- [Exercise prompt]:
The answer must be an exact copy of the records, with every picture left out.

- [Extracted records]:
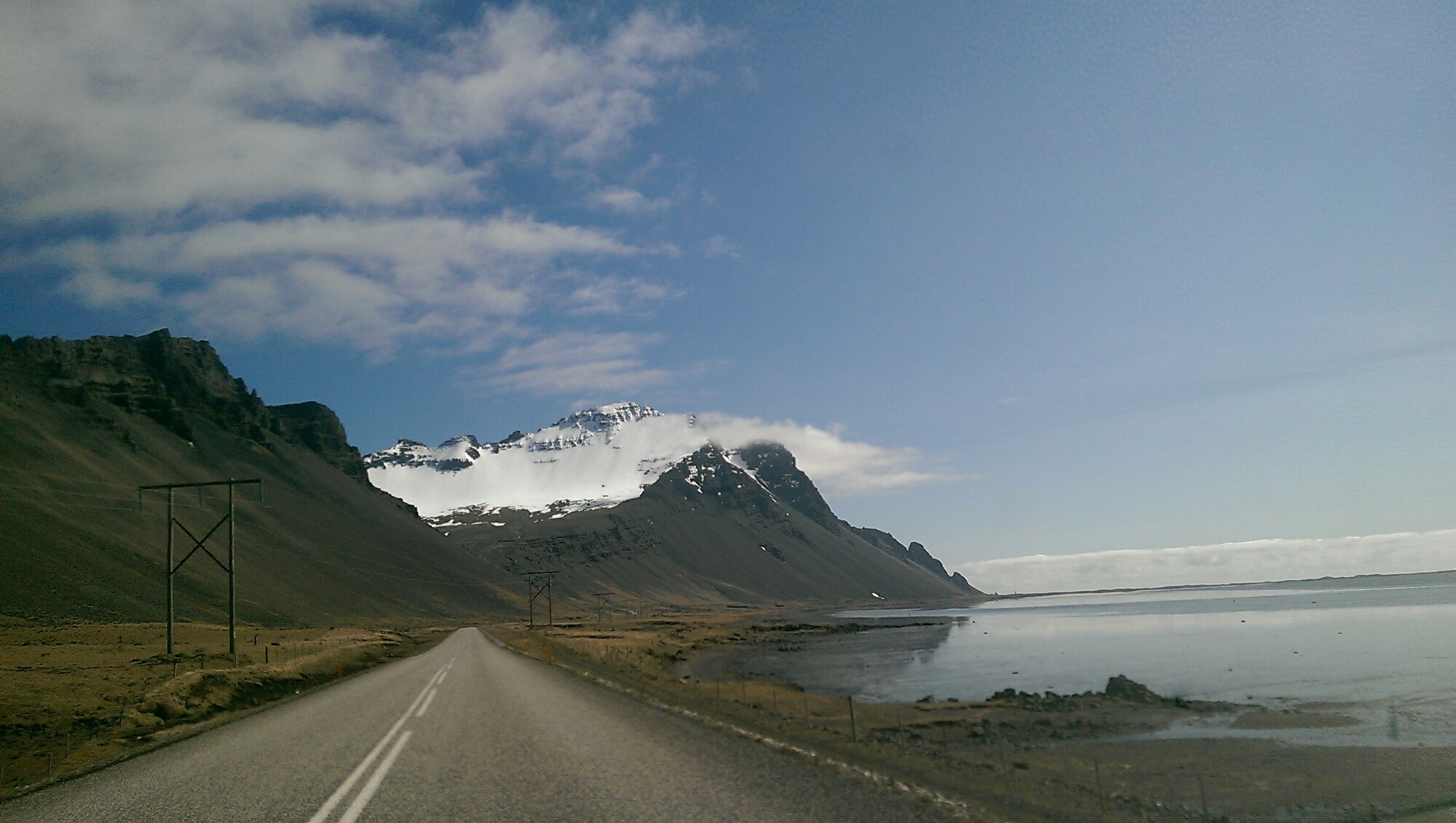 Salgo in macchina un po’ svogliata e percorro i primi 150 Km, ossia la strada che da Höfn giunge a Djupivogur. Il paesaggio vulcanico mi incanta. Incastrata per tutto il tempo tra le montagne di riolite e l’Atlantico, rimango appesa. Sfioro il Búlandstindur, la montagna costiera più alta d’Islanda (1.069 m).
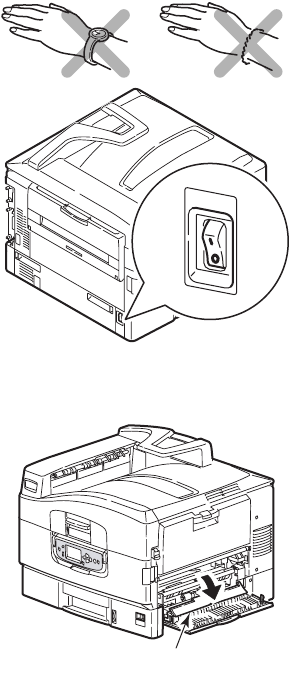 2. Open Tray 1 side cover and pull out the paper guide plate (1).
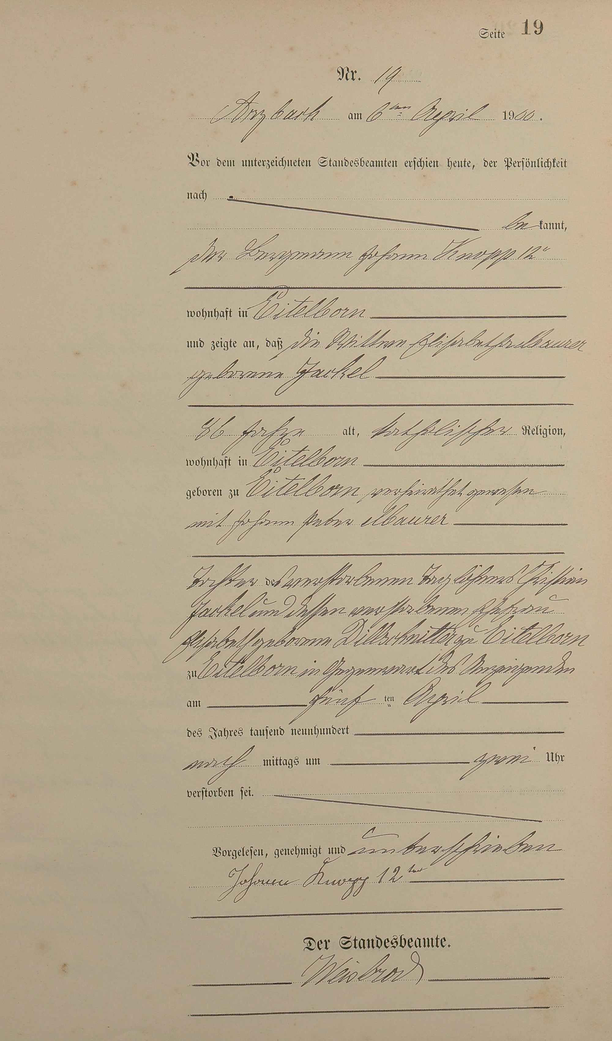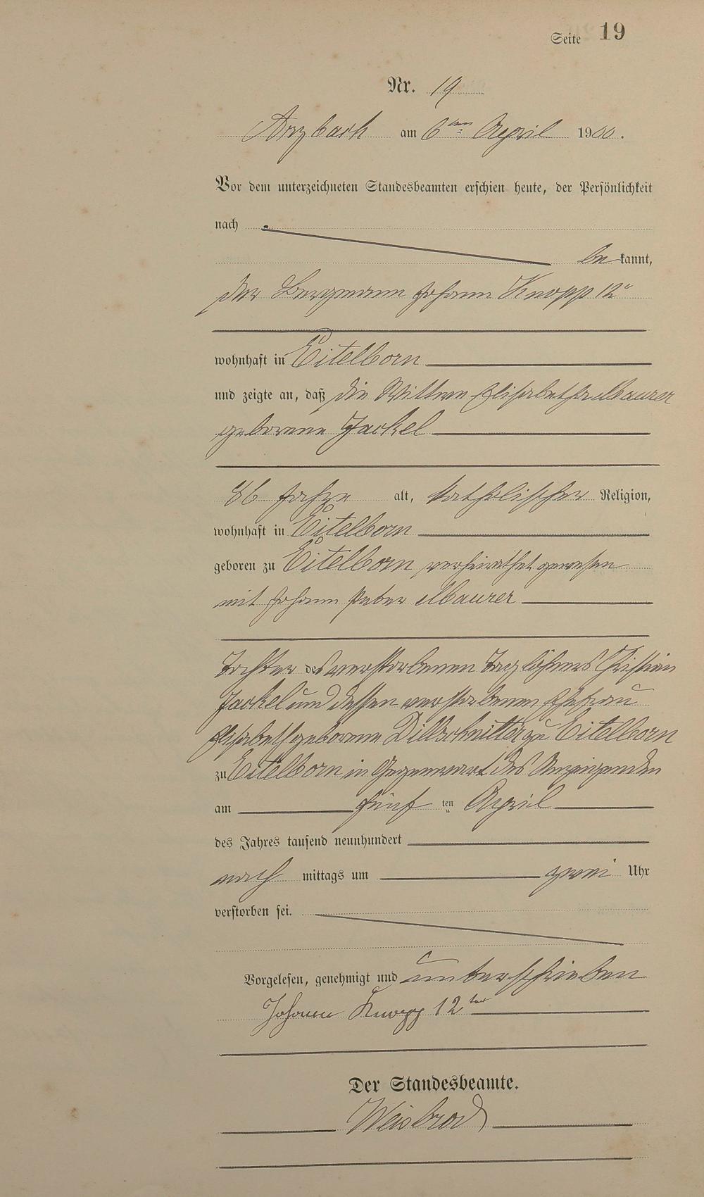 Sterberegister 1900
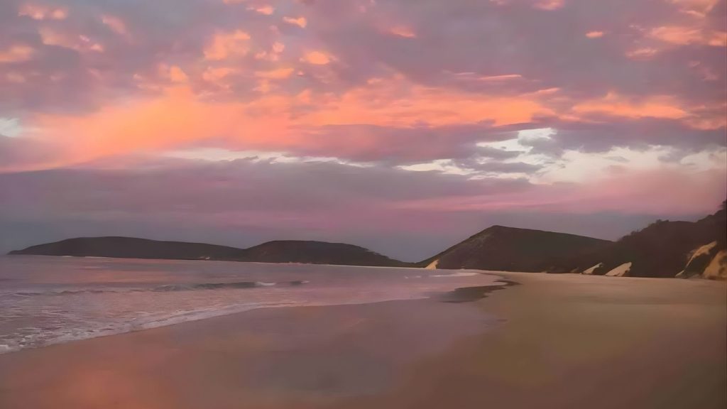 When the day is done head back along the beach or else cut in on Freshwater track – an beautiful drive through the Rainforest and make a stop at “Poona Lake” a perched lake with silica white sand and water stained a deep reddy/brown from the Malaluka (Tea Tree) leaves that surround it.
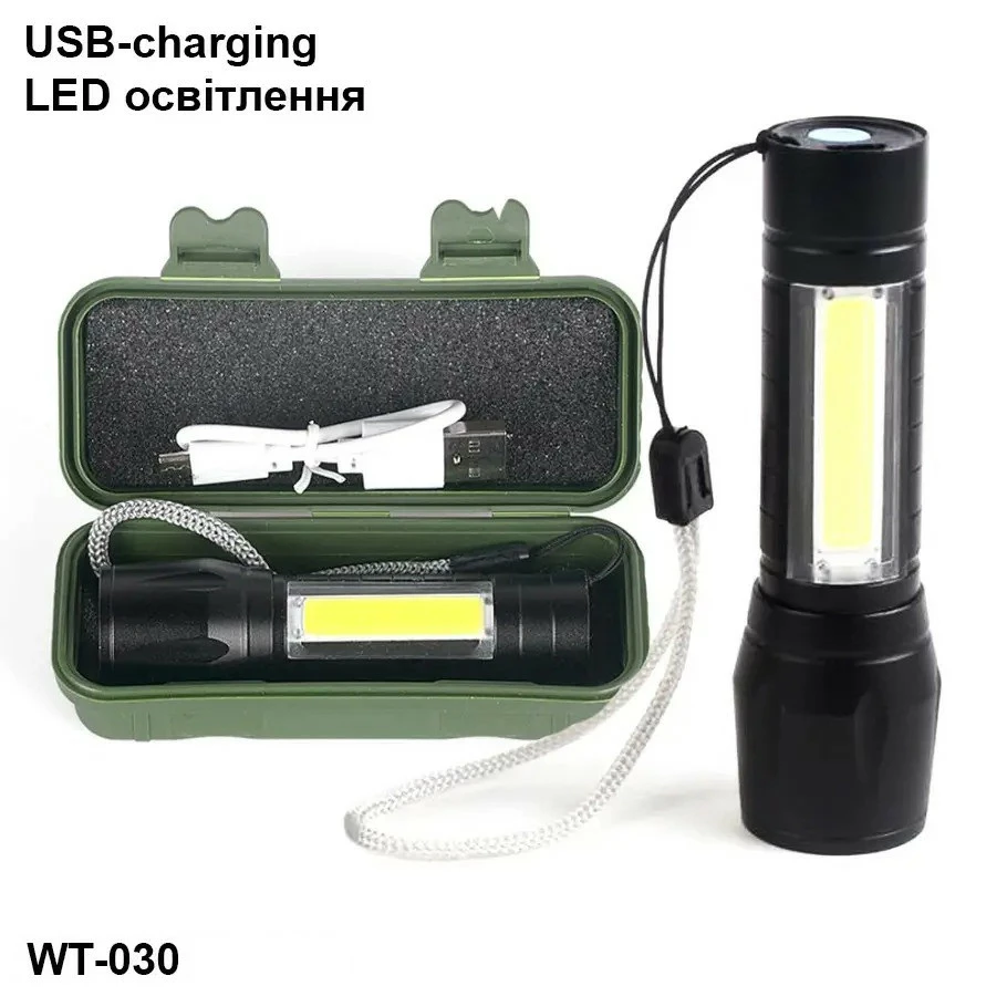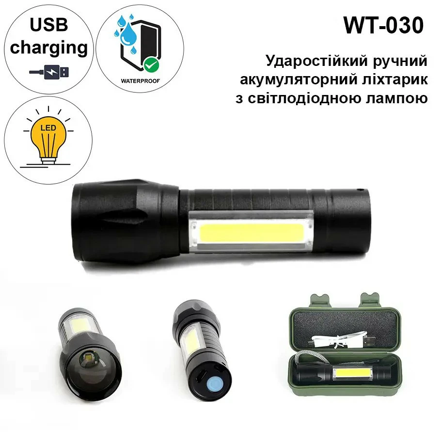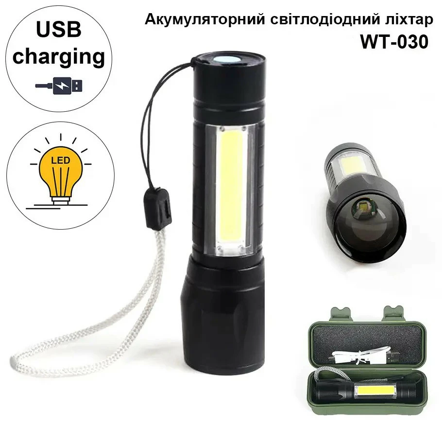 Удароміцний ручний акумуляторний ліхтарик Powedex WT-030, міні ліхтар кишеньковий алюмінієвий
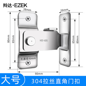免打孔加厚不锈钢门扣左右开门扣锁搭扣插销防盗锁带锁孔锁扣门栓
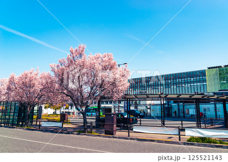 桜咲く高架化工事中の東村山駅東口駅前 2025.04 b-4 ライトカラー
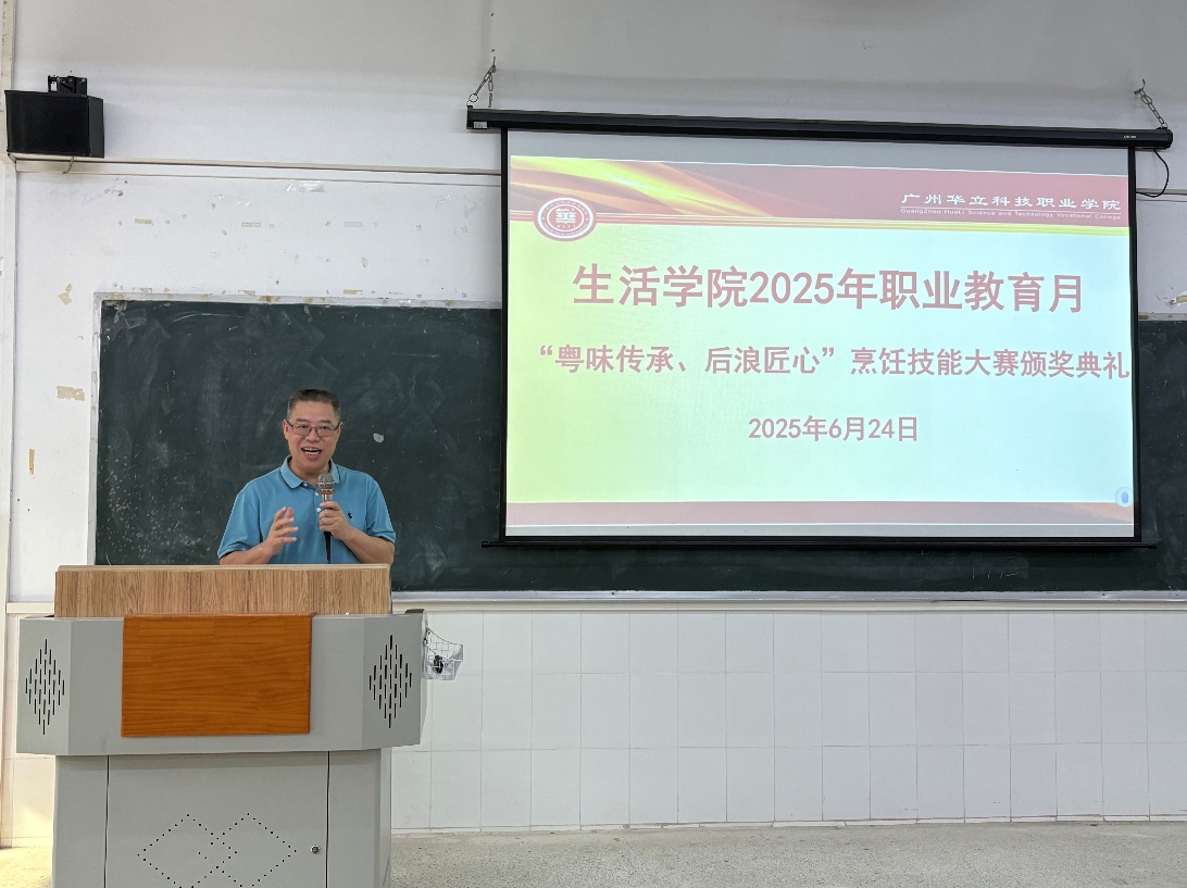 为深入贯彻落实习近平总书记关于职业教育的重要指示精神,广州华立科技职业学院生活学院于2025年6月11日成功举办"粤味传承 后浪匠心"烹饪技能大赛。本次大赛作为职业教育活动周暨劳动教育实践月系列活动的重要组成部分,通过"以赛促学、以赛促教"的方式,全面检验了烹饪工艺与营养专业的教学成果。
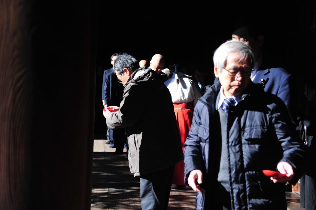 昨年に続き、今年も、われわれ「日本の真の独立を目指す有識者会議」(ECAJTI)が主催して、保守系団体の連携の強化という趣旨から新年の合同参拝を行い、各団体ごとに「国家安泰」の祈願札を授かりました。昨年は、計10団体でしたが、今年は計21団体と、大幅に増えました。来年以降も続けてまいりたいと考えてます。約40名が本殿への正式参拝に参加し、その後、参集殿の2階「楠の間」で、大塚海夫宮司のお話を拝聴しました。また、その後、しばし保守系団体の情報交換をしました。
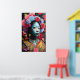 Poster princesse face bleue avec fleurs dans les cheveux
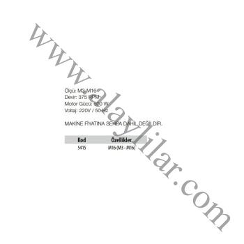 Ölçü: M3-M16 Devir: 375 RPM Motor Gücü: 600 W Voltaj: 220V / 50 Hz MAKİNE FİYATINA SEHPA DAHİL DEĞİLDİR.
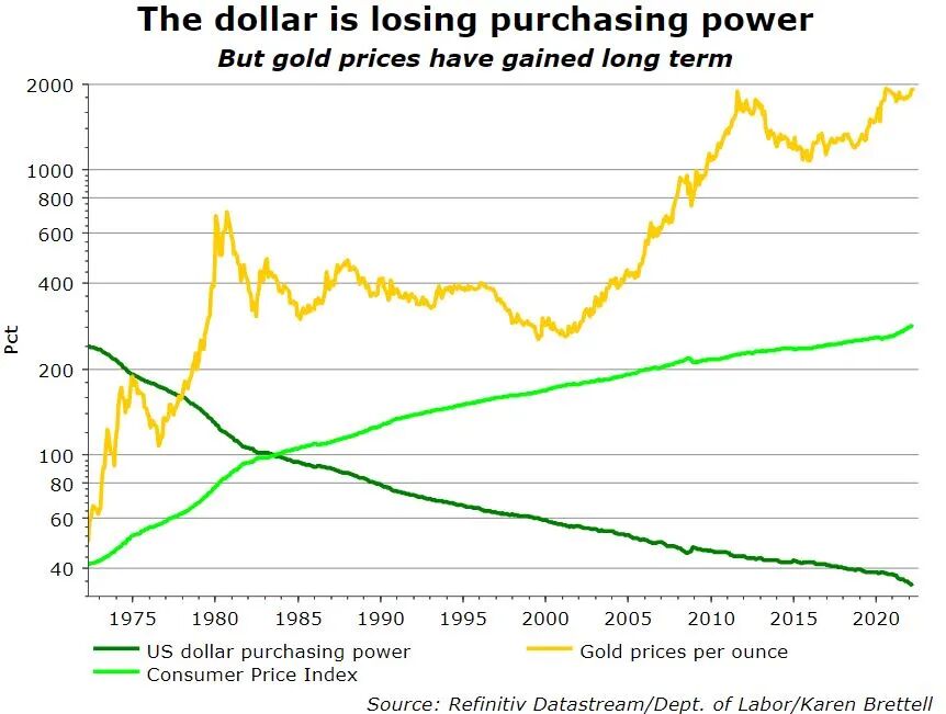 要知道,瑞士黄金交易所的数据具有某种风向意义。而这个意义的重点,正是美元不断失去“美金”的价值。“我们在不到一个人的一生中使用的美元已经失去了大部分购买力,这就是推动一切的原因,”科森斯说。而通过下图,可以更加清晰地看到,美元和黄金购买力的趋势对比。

- [Result of this exercise]:
 Salgo in macchina un po’ svogliata e percorro i primi 150 Km, ossia la strada che da Höfn giunge a Djupivogur. Il paesaggio vulcanico mi incanta. Incastrata per tutto il tempo tra le montagne di riolite e l’Atlantico, rimango appesa. Sfioro il Búlandstindur, la montagna costiera più alta d’Islanda (1.069 m).
 2. Open Tray 1 side cover and pull out the paper guide plate (1).
 Sterberegister 1900
 When the day is done head back along the beach or else cut in on Freshwater track – an beautiful drive through the Rainforest and make a stop at “Poona Lake” a perched lake with silica white sand and water stained a deep reddy/brown from the Malaluka (Tea Tree) leaves that surround it.
 Удароміцний ручний акумуляторний ліхтарик Powedex WT-030, міні ліхтар кишеньковий алюмінієвий
免打孔加厚不锈钢门扣左右开门扣锁搭扣插销防盗锁带锁孔锁扣门栓
 桜咲く高架化工事中の東村山駅東口駅前 2025.04 b-4 ライトカラー
 为深入贯彻落实习近平总书记关于职业教育的重要指示精神,广州华立科技职业学院生活学院于2025年6月11日成功举办"粤味传承 后浪匠心"烹饪技能大赛。本次大赛作为职业教育活动周暨劳动教育实践月系列活动的重要组成部分,通过"以赛促学、以赛促教"的方式,全面检验了烹饪工艺与营养专业的教学成果。
 昨年に続き、今年も、われわれ「日本の真の独立を目指す有識者会議」(ECAJTI)が主催して、保守系団体の連携の強化という趣旨から新年の合同参拝を行い、各団体ごとに「国家安泰」の祈願札を授かりました。昨年は、計10団体でしたが、今年は計21団体と、大幅に増えました。来年以降も続けてまいりたいと考えてます。約40名が本殿への正式参拝に参加し、その後、参集殿の2階「楠の間」で、大塚海夫宮司のお話を拝聴しました。また、その後、しばし保守系団体の情報交換をしました。
 Poster princesse face bleue avec fleurs dans les cheveux
 Ölçü: M3-M16 Devir: 375 RPM Motor Gücü: 600 W Voltaj: 220V / 50 Hz MAKİNE FİYATINA SEHPA DAHİL DEĞİLDİR.
 要知道,瑞士黄金交易所的数据具有某种风向意义。而这个意义的重点,正是美元不断失去“美金”的价值。“我们在不到一个人的一生中使用的美元已经失去了大部分购买力,这就是推动一切的原因,”科森斯说。而通过下图,可以更加清晰地看到,美元和黄金购买力的趋势对比。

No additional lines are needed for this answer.